The consul turned back to look as the other man stood upright. Aquila was a foot taller than him with closely cropped hair, red-gold against his tanned face. He had as many scars as decorations, but it was the eyes that commanded attention. They pinned you like an unlucky fly, demanding that you pay heed to any words he uttered. It was as though Aquila were the general and noble Mancinus a mere ranker.

The senator sniffed loudly. ‘How can I ask a tribune to take orders from you?’

‘Just ask them if they want to stay alive, General.’

He had already thought of a pair he wanted to take; the pick of a pretty poor bunch, twin brothers, and he had a definite suspicion that one of them was a pederast.
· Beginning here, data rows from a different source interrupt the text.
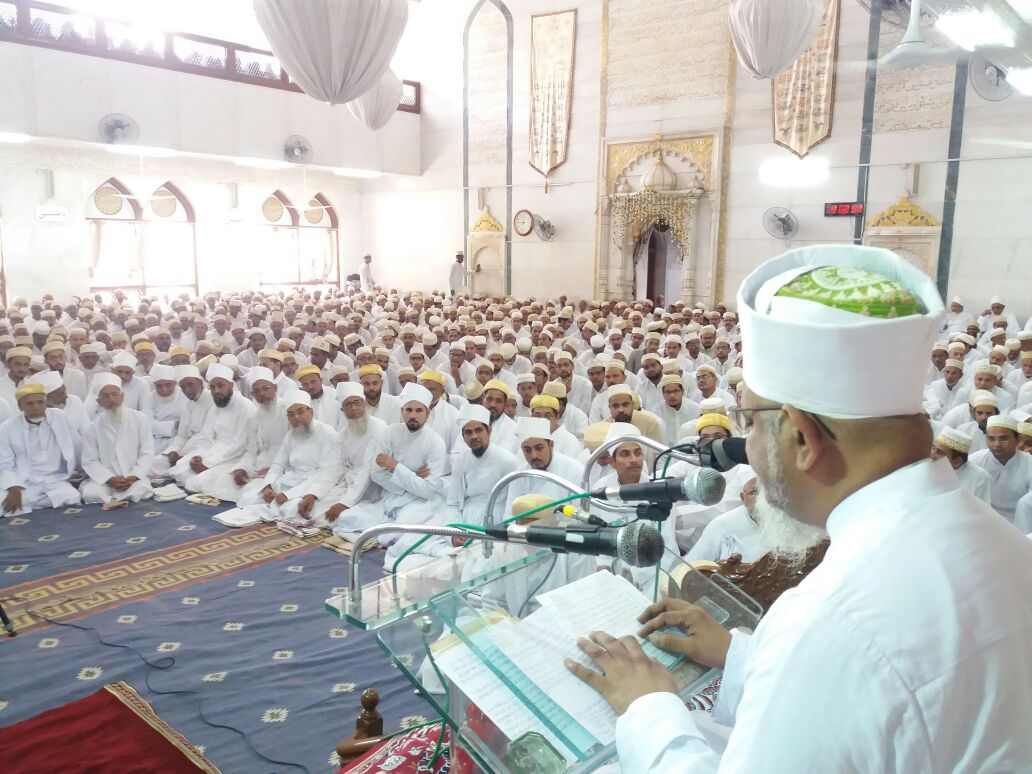 A grand majlis in the grand mosque
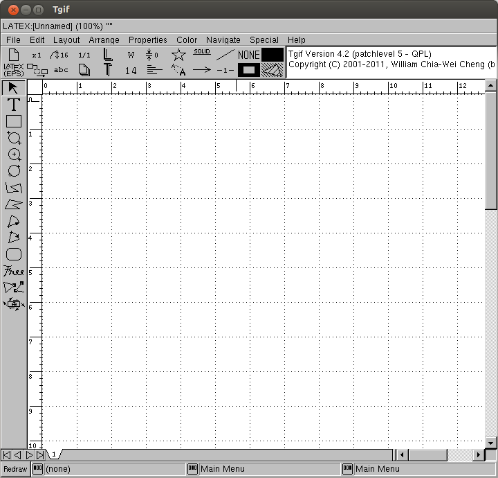 Screenshot of Tgif Version 4.2.5
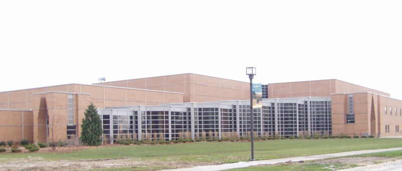 Bauer Museum of Art
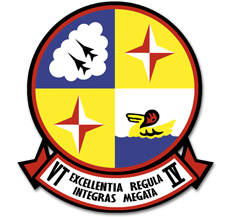 VT-4 logo, 2008
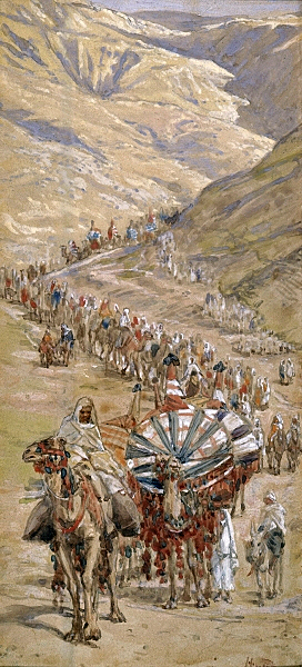 The Caravan of Abram c.1896-1902 watercolor by James Tissot
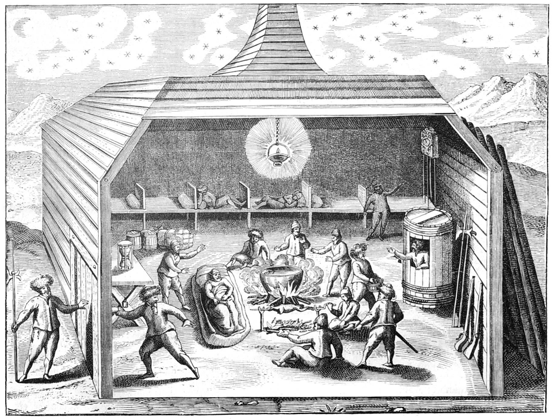 caption: "Abbildung des Hauses, in welchem der Seefahrer Barents 1596-97 auf Nowaja Semlja überwinterte. Nach einer Zeichnung des Mitreisenden Gerrit de Beer."
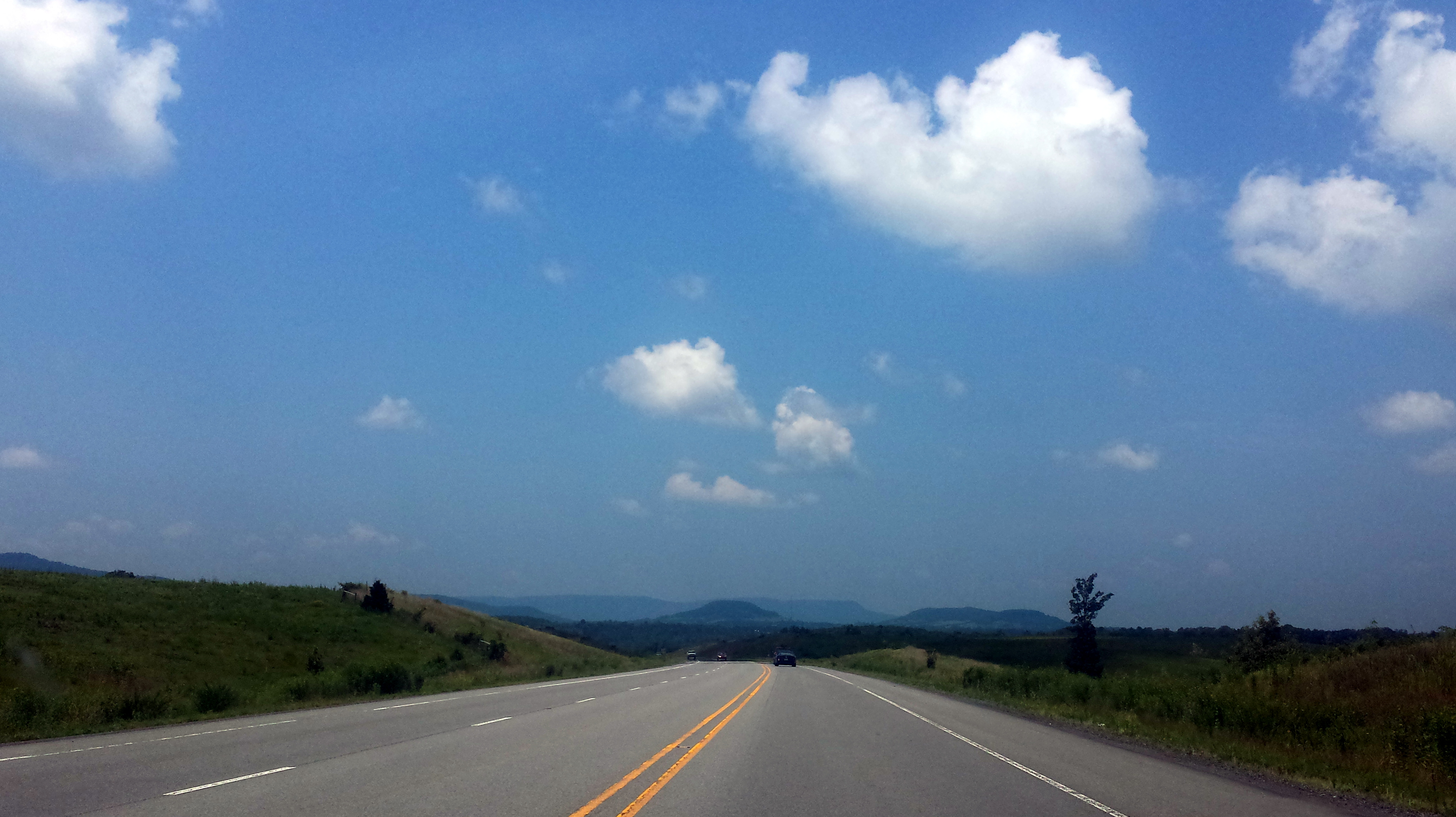 Highway 65 in Searcy County, AR

But Gnaeus Calvinus kept his hands to himself, and showed proper care for the troops he commanded, never putting his comfort before theirs. His brother Publius also had all the makings of a proper soldier, being physically tough, and he led from the front during training. As a new tribune, he had quietly stopped the habitual ribbing that anyone in his
position was subjected to by choosing the toughest man in his unit, taking him to a quiet spot, and beating the living daylights out of him.